The case represents one of the few noteworthy criminal prosecutions to grow out of the housing crisis. The Justice Department has faced criticism for moving too slowly to bring cases against top executives at financial institutions.
Federal prosecutors are seeking a minimum of $1.07 million in forfeited assets, while the SEC is demanding that Barriger return all "ill-gotten gains" and pay civil penalties.
"In the midst of the credit crisis, Barriger chose to lie about the solvency and liquidity of his fund rather than admit the somber truth of a collapsing business," said George Canellos, director of the SEC's New York Regional Office, in a statement. "He continued to solicit new investor funds based on the same misrepresentations up until the day before the fund collapsed."

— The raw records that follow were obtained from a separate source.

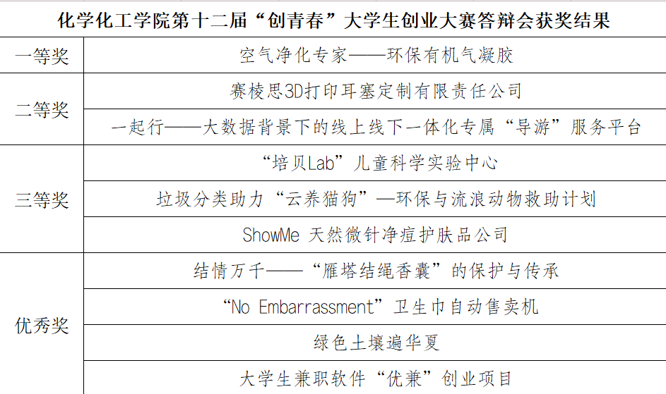 为落实习近平总书记提出的“为青年创新创业开展教育、传递知识、搭建平台、提供机遇”的要求,培养青年大学生的创新意识和创新能力,适应“大众创业,万众创新”的社会氛围,丰富校园创业文化,促进学生对于科研创新赛事的理解,捷克论坛 于11月30日举办了第十二届“创青春”大学生创业大赛答辩会。经作品展示、项目答辩、专家评审,大赛已落下帷幕,现予以公示,公示期为2019年12月1日—3日。期间如有异议,请向捷克论坛 团委反映。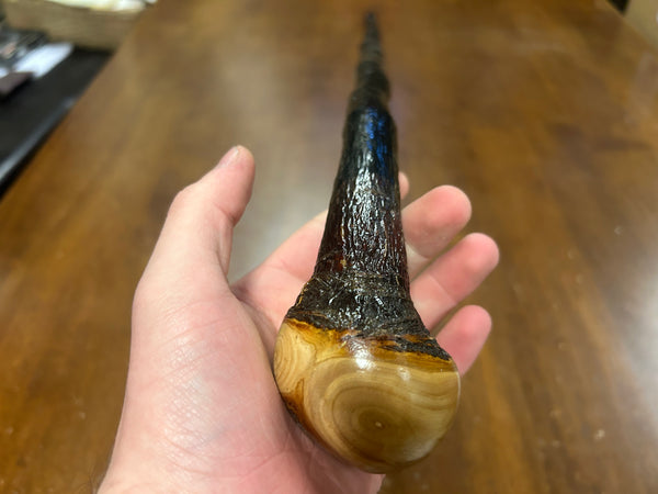 Blackthorn wood has to be seasoned for 2/3 years before it can be hand carved into a walking cane.
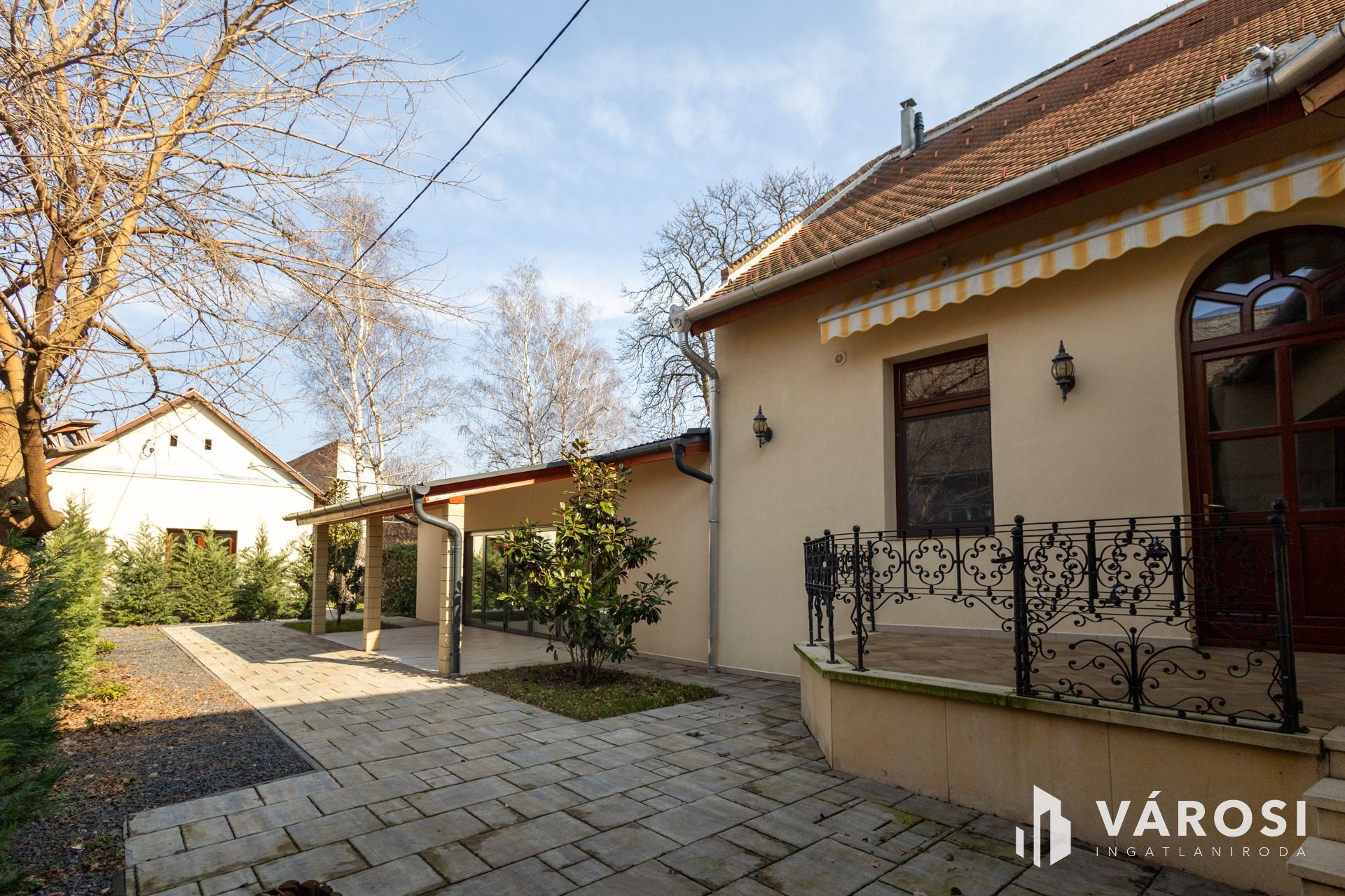 A teljeskörűen felújított, impozáns polgári ház 3 tágas szobával és konyhával rendelkezik. A gyönyörű belső terek prémium anyaghasználattal készültek, minden részletében a minőséget tükrözik. Az egyik, üvegportálos szoba, amelyhez egy fedett terasz kapcsolódik, különleges hangulatot áraszt, padlófűtéssel biztosítva a maximális komfortot. A fűtés központi rendszerű, radiátorokkal megoldva. Elektromos redőnyök, klímák és kiépített videokaputelefon rendszer növelik a kényelmet és a biztonságot.
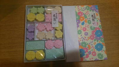 まめしゃんからもらったお土産の和三盆、入れ物可愛い!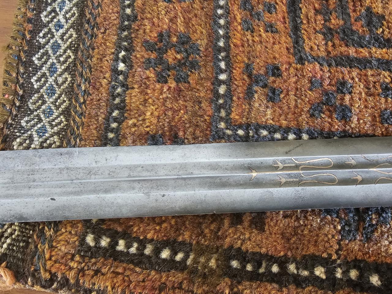 I have seen a few of these now. I was pleased to score it on Ebay for a very reasonable price. Quality is very evident in both blade and fittings. Some of the blade inlay has a rose tint while other areas are more silver. Was it common to combine suasa and silver inlay? The seperate ganja and design details point to late 19C from what I understand. I have seen a number of similar builds online. The band at.base of of pommel/hilt is thick plated suasa over what appears to be bronze. I believe the othe bands are fully suasa and the woven bands, ferrule and pommel are clearly silver but I.do not know quality. The arch-like inlays at base of blade and spur/arrow like inlay symbols are also seen on other examples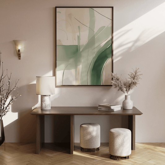 Beige and Green Abstract Wall Art – Modern Watercolor Minimalist Print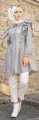 Tunique Feirouz noire ample avec un petit noeud sur le devant.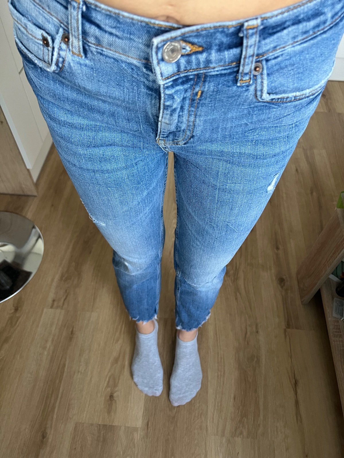 Nosené minimálne, bez poškodení. Veľkosť sadne možno aj na menšie S (pri nenatiahnutom stave 34cm, sú ale elastické natiahnú sa aj na tých 36cm). Farba svetlomodrá ako na poslednej fotke.
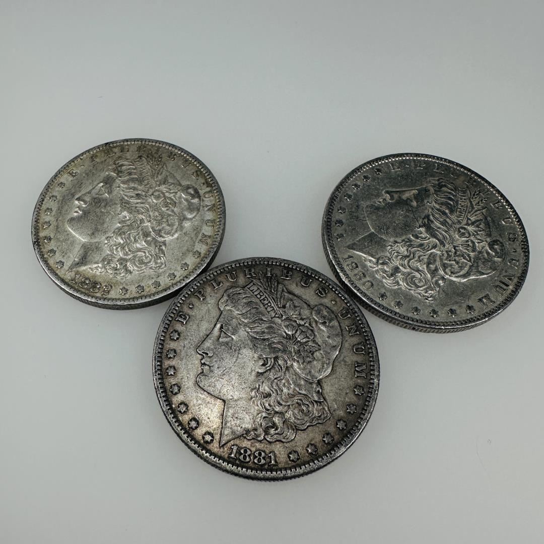 This consecutive set of Morgan Silver Dollars from 1880 to 1882 is a prized addition for collectors. Each coin in this VG+ graded set showcases the iconic design of Liberty and represents a piece of American history. A perfect set for anyone looking to expand their collection with consecutive years of these classic silver dollars.
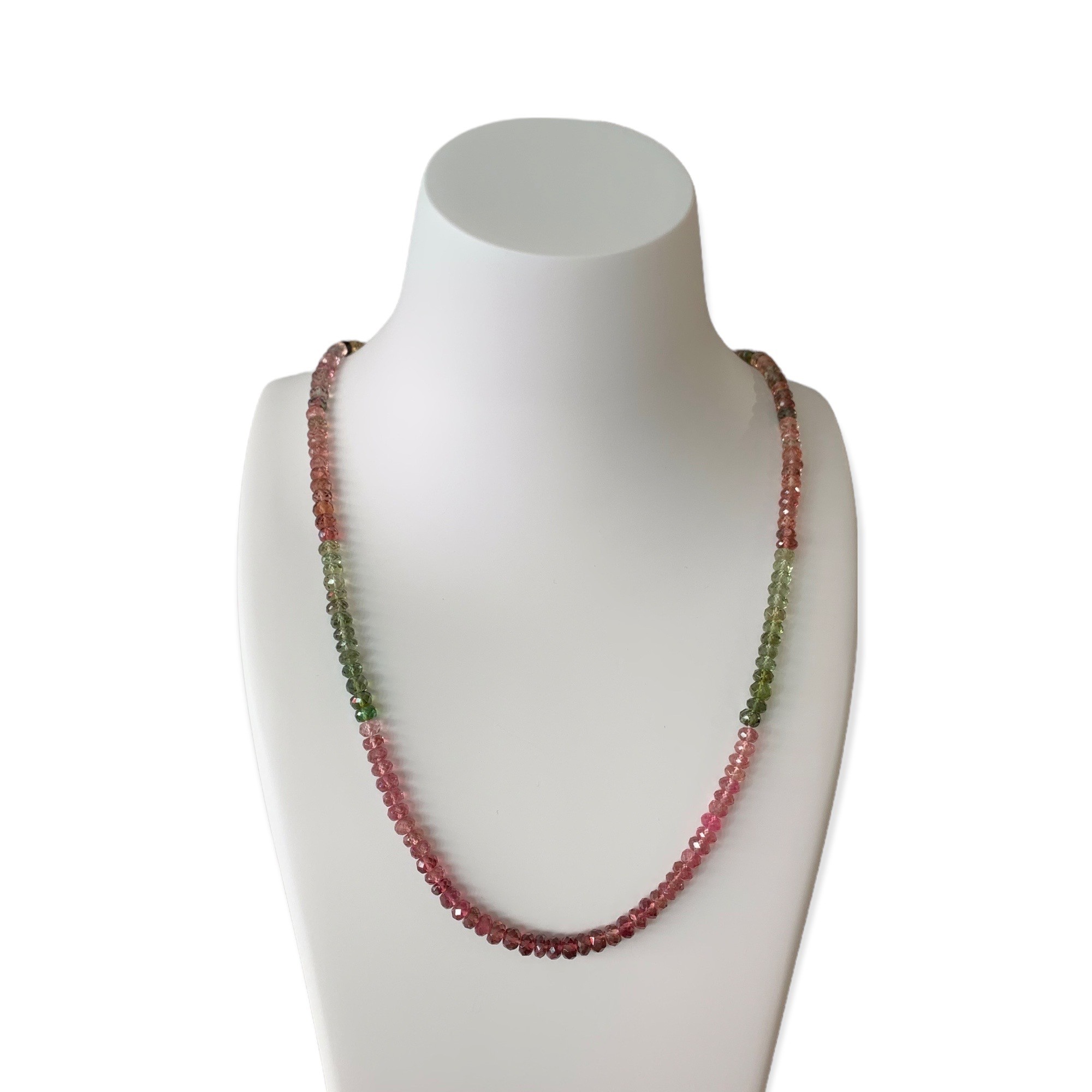 Diese Turmalin Kette besticht durch ihren einzigartigen Farbverlauf, der die ganze Vielfalt dieses faszinierenden Edelsteins zeigt. Die sorgfältige Sortierung der Farben macht sie zu einem besonderen Blickfang und verleiht ihr eine harmonische, edle Ausstrahlung. Mit einer Länge von 55 cm bietet die Kette vielseitige Tragemöglichkeiten, während der klassische Karabiner aus 585 Weißgold für sicheren Halt sorgt. Ein elegantes und farbenfrohes Schmuckstück für alle, die die strahlenden Nuancen des Turmalins lieben und ein stilvolles Accessoire für den Alltag und besondere Anlässe suchen.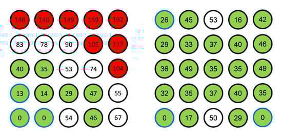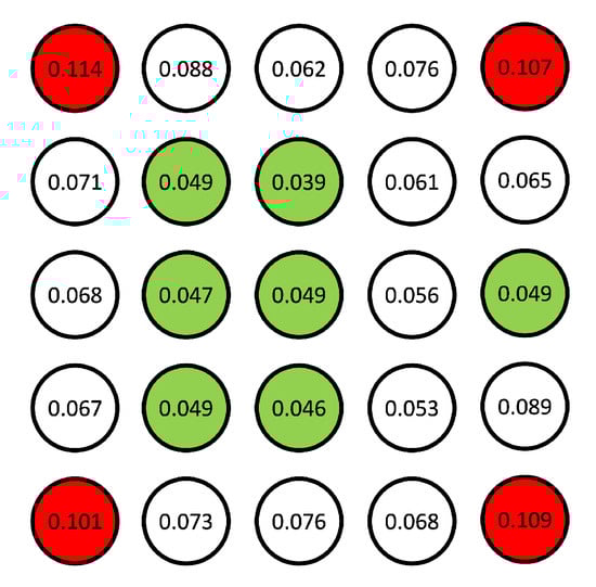 Figure 5. Each circle represents one of the spheres in its corresponding position in the 5 × 5 grid, contained within is the RMS residual in pixels. Highlighted in red are those spheres with residuals greater than 0.1 pixels and in green are those less than 0.05 pixels, showing the greater quality toward the center.

Barriger's attorney in the SEC matter, Brian Dickerson of Roetzel & Andress, said in an email that his client had no comment.
Gaffken & Barriger, based in Monticello, New York, was formed to hold securitized real estate loans and raised $20 million from investors from its inception in 1998 until its demise in 2008, including $12.6 million from 2006 to 2008 "under false pretenses," according to the court papers.
By early 2007, the fund was facing "significant liquidity problems" as its borrowers -- mostly real estate developers -- began to default more frequently, the indictment said. In March, the fund officially defaulted on a $20 million line of credit, thanks to a growing percentage of overdue loans.
None of that information was made available to investors, prosecutors alleged. But Barriger was misrepresenting the fund's performance well before the economic downturn began, according to the SEC. In 2005, the fund lost money, yet investors were never informed, and account statements continued to reflect an 8 percent increase, the SEC said.
As Gaffken & Barriger careened toward catastrophe in early 2008, Barriger maintained to investors that the fund had weathered the subprime mortgage storm and would continue to provide a healthy return, according to the court filings.
A January 31 letter to investors announced a distribution bonus to all fund partners that signaled, in Barriger's words, "increasing confidence in the fund's future and profitability," the criminal complaint claimed.
On March 3, two days before Barriger sent a letter to investors announcing he had frozen the fund, the fund transferred $20,000 to a management firm controlled by Barriger, according to prosecutors. A day later, the management firm sent $18,000 to Barriger's personal bank account, the indictment alleged.
Both the indictment and the SEC papers also make reference to an unnamed "co-conspirator" who served as the fund's vice president but who is now deceased. That individual appears to be Andrew McKean, whose estate was named as a defendant in a civil complaint filed by investors against Barriger in 2008.
McKean committed suicide in September 2008, according to the lawsuit. The civil case was dismissed in January 2010 under an agreement between the parties.
The criminal case is U.S. v. Barriger, U.S. District Court, Southern District of New York, No. 11-cr-416.
The SEC case is SEC v. Barriger, U.S. District Court, Southern District of New York, No. 11-cv-111.